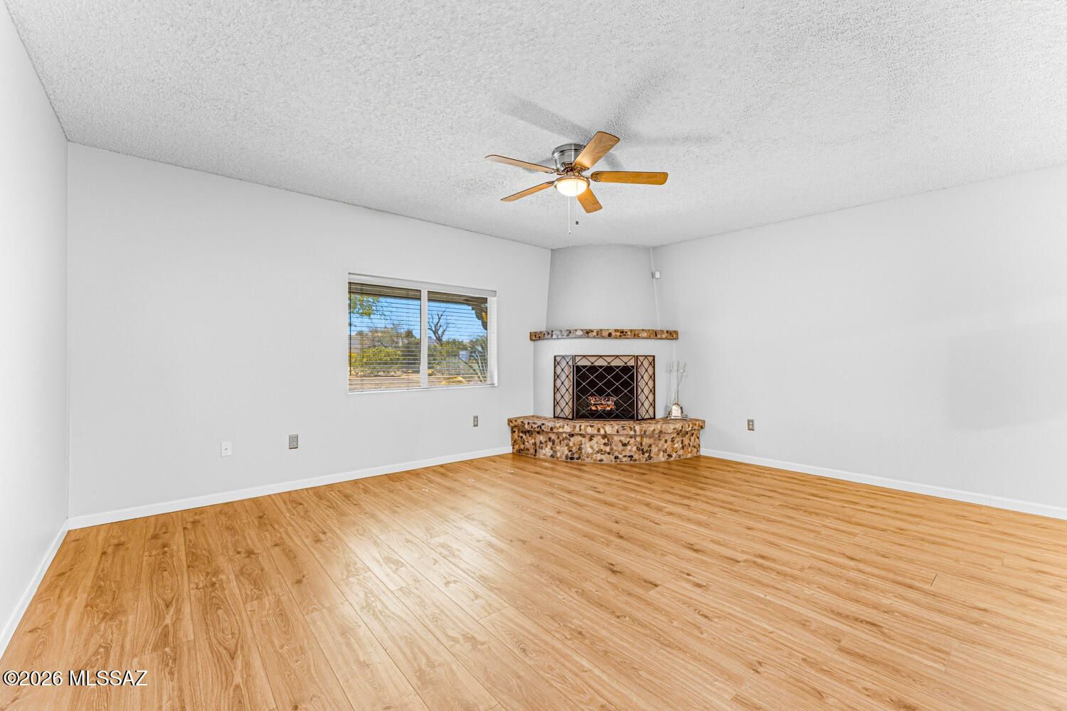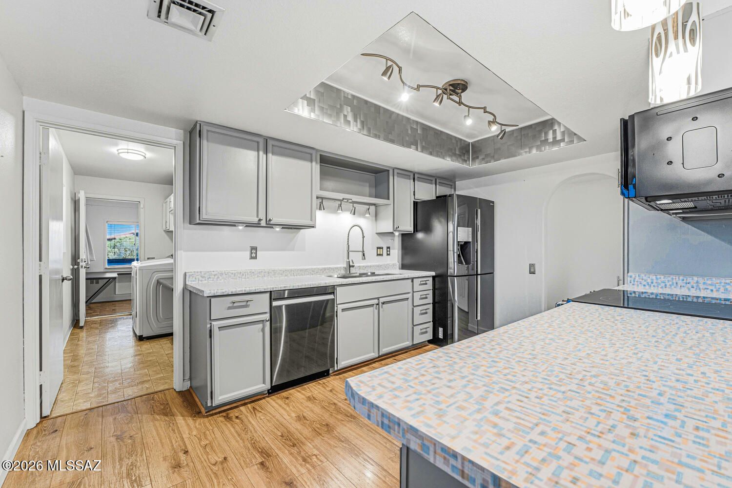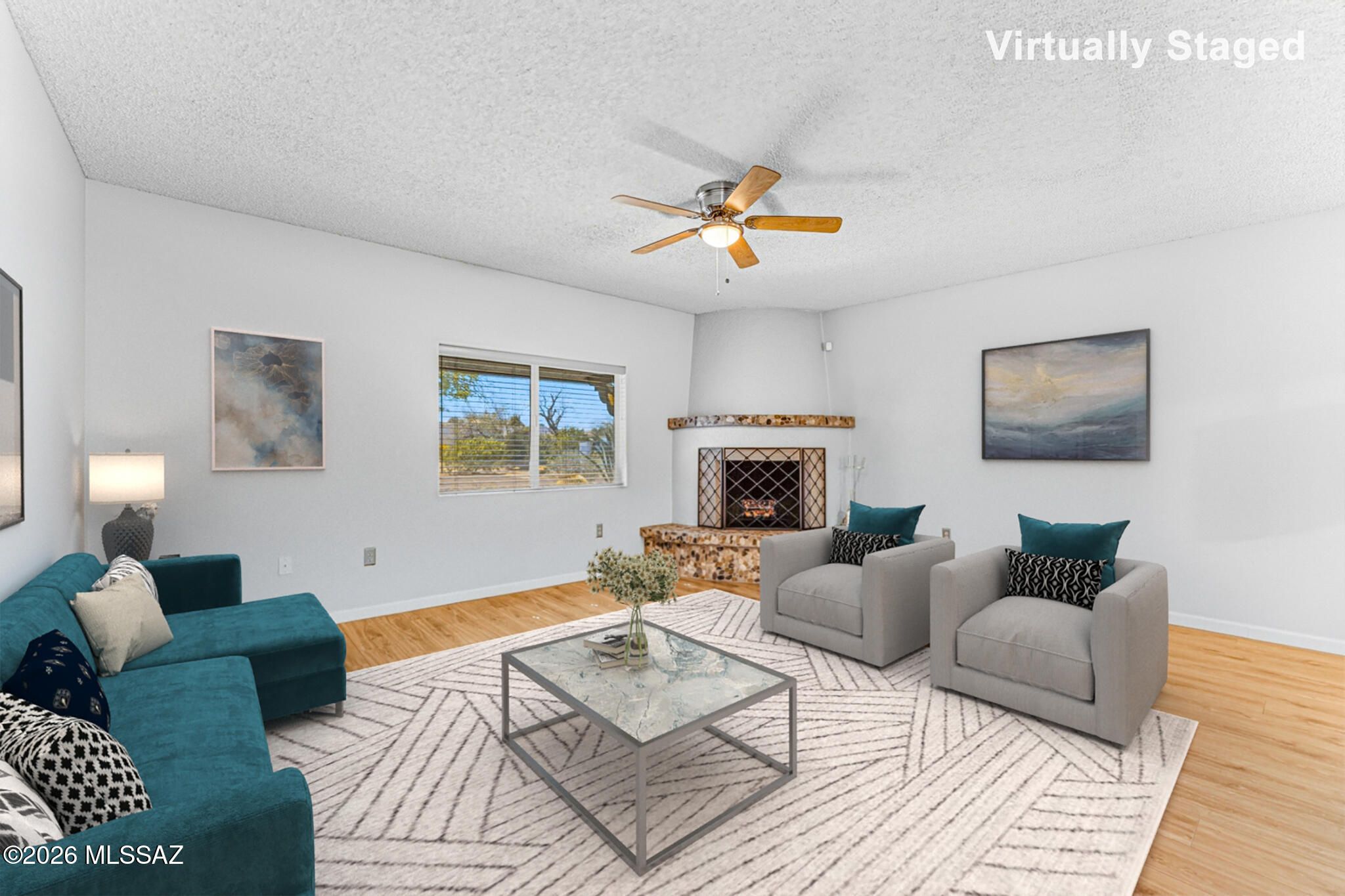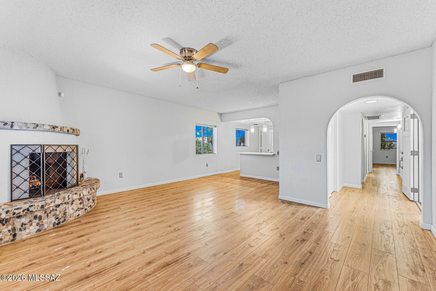 Find your perfect Arizona escape in this lovely 2-bedroom, 2-bath townhome with an Arizona room, ideally situated on a desirable corner lot! From the moment you step inside, you'll love the luxury vinyl plank flooring, cozy beehive fireplace, and updated lighting and ceiling fans that give the home a warm, modern vibe. The kitchen is both functional and fresh, featuring stainless steel appliances (2019), a stainless steel farmhouse sink with updated faucet, and newer laminate countertops. Peace of mind comes standard with a 5-year-old HVAC system, roof recoated in 2024 with high-quality materials, and a water heater replaced in 2020. Both bathrooms have been fully remodeled with sleek modern vanities, updated fixtures, new flooring and mirrors. The Arizona room offers incredible
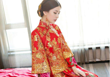 2、颜色选择传统红色是较常见的,红色很适合肤色较白的新娘。这样搭配起来的话,会更加显得新娘俏丽动人。金黄的的礼服也是一个不错的选择,如果不喜欢红色的新娘的话,这一款颜色的礼服倒是一个不错的选择。
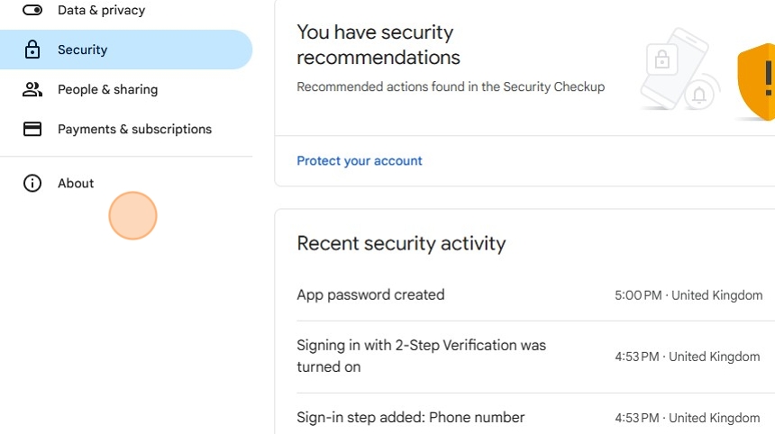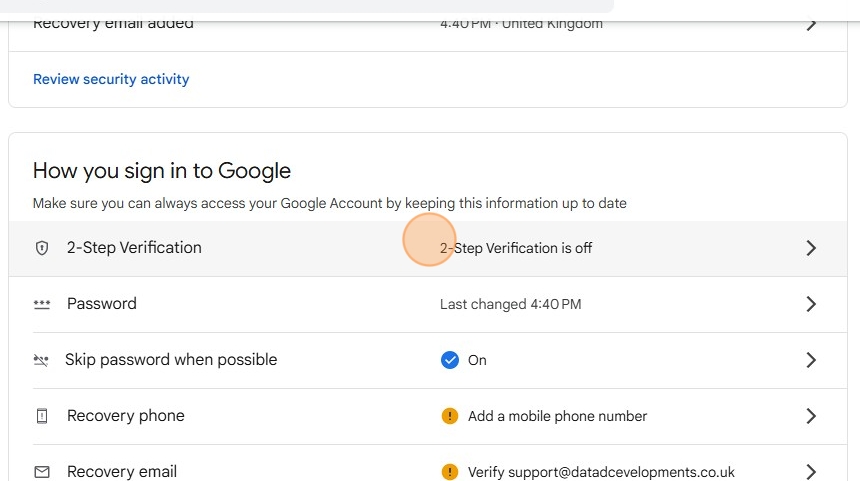 1. Navigate to https://myaccount.google.com/u/0/security?hl=en

### What is needed
Please print the data above once more, exactly and without images.

### Written answer
 Find your perfect Arizona escape in this lovely 2-bedroom, 2-bath townhome with an Arizona room, ideally situated on a desirable corner lot! From the moment you step inside, you'll love the luxury vinyl plank flooring, cozy beehive fireplace, and updated lighting and ceiling fans that give the home a warm, modern vibe. The kitchen is both functional and fresh, featuring stainless steel appliances (2019), a stainless steel farmhouse sink with updated faucet, and newer laminate countertops. Peace of mind comes standard with a 5-year-old HVAC system, roof recoated in 2024 with high-quality materials, and a water heater replaced in 2020. Both bathrooms have been fully remodeled with sleek modern vanities, updated fixtures, new flooring and mirrors. The Arizona room offers incredible
 2、颜色选择传统红色是较常见的,红色很适合肤色较白的新娘。这样搭配起来的话,会更加显得新娘俏丽动人。金黄的的礼服也是一个不错的选择,如果不喜欢红色的新娘的话,这一款颜色的礼服倒是一个不错的选择。
 1. Navigate to https://myaccount.google.com/u/0/security?hl=en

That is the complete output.